Keith Haring and Grace House
Keith Haring (1958-1990) is synonymous with the gritty, hedonistic, boundary-breaking, electric mix that was the downtown New York art scene of the 1980s. Even now in the 21st Century, 1980s New York has been understood and venerated as an artistic Golden Age, one which produced titans who continue to hold value and shape the international art world and market. Keith Haring was one of those key figures. His artwork, with its deceptively simple, bold lines, and dynamic figures in motion, instantly grabbed the world's attention. By expressing concepts of birth, death, sex and war, Haring's images have become widely recognized and celebrated internationally.
Haring was a regular fixture on the vibrant, no holds barred lower Manhattan club scene. Here he was mixing with the reigning kings of the art world, including Andy Warhol, Jean Michel Basquiat, and Kenny Scharf. One evening, Haring met two members of the Catholic Youth Organization, Benny Soto and David Almodovar, and they formed a tight friendship. Both went to work for Haring, Soto as an art assistant and Almodovar later managing Haring's Pop Shop in SoHo.
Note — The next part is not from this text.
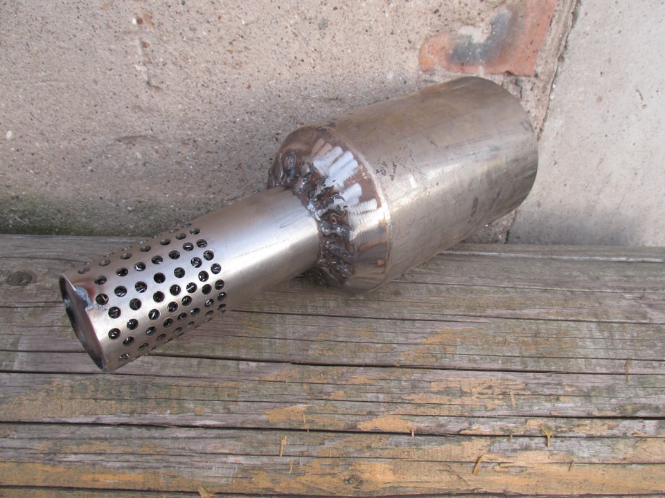 - Вварить выпускную трубу. Для эстетики можно использовать одинарную или двойную хромированную трубу. Часть, которая находится внутри глушителя, перфорировать дрелью.

This friendship led to an invitation to Grace House, where Haring agreed to paint its stairwell. He knew exactly what he wanted to do: impressively, he completed the mural without working out the composition in a sketch or an underpainting in advance. The spontaneous mural begins with the Radiant Baby and ends at the third-floor landing with a figure that seems to dive into a doorway, with only its lower half visible.